Identification of Novel Mutations Causing Clofazimine Resistance in Mycobacterium intracellulare

Clofazimine (CFZ) is a promising repurposed drug for treating Mycobacterium avium - intracellulare complex pulmonary disease (MAC-PD), but its resistance mechanisms in M. intracellulare remain poorly understood. In this study, we generated 36 CFZ-resistant M. intracellulare mutants in vitro and identified various mutations in the marR gene (WP_009952290.1) in 61% of resistant mutants through whole-genome sequencing. Mutations were identified in additional genes encoding flavin-dependent oxidoreductase ( ssuD , C67A), membrane lipoprotein ( lppI , C207 deletion), glucose-methanol-choline oxidoreductase (G157 deletion), MASE1 domain-containing protein (C62G), and PPE family protein (222C deletion). Gene complementation experiments demonstrated that introducing the wild-type marR in CFZ-resistant strains (L72 and L74) with marR mutations reduced CFZ minimum inhibitory concentrations (MICs) from 1 μ g/mL to the susceptible baseline (0.25 μ g/mL), confirming its critical role in CFZ resistance.

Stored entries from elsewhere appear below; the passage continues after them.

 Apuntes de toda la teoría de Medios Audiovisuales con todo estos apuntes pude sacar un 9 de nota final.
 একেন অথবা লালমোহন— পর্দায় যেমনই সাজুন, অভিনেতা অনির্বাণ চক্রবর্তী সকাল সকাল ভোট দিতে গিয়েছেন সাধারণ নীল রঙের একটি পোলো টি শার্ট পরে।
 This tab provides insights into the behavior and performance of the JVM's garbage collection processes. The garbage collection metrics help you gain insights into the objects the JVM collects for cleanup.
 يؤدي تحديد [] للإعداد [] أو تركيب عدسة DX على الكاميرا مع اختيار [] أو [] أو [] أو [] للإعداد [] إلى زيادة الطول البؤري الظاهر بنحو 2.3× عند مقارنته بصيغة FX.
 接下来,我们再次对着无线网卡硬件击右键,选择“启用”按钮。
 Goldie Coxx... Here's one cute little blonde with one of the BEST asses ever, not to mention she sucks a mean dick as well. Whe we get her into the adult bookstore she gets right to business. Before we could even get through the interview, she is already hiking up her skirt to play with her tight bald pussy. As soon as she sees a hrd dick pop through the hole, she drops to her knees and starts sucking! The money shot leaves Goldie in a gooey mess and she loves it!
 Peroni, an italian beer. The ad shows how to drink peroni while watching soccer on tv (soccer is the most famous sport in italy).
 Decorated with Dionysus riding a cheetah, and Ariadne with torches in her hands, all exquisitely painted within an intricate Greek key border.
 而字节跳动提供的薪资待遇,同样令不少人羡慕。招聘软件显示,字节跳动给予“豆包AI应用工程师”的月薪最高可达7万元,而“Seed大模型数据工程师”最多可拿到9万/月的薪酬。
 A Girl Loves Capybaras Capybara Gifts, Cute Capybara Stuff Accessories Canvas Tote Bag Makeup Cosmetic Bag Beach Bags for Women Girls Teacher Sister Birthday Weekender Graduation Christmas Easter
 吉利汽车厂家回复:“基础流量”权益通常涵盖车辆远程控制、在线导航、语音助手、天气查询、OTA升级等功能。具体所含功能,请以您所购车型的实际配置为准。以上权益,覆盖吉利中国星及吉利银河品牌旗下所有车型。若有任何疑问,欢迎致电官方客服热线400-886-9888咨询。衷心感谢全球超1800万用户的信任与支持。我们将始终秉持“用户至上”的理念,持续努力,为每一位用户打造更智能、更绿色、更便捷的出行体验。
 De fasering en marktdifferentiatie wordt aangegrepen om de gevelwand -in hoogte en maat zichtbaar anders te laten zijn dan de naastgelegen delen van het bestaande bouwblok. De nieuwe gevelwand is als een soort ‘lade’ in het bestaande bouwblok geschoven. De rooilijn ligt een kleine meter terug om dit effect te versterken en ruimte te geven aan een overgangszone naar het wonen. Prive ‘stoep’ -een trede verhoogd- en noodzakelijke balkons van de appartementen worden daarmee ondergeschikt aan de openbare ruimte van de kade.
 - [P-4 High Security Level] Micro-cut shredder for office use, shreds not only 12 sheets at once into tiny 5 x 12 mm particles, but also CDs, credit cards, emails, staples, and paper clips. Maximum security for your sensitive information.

Notably, the M. intracellulare MarR lacks homology to M. tuberculosis MarR family protein Rv0678 (MmpR) whose mutations are involved in CFZ and bedaquiline (BDQ) resistance and is flanked by non-efflux pump genes ( dhmA and doxX ), and unlike M. tuberculosis , its mutation does not cause bedaquiline cross-resistance, indicating a different MarR and distinct regulatory mechanism for CFZ resistance in M. intracellulare . This work highlights marR as a key determinant of CFZ resistance in M. intracellulare and underscores the need for further mechanistic studies with implications for clinical diagnostics and therapeutic strategies.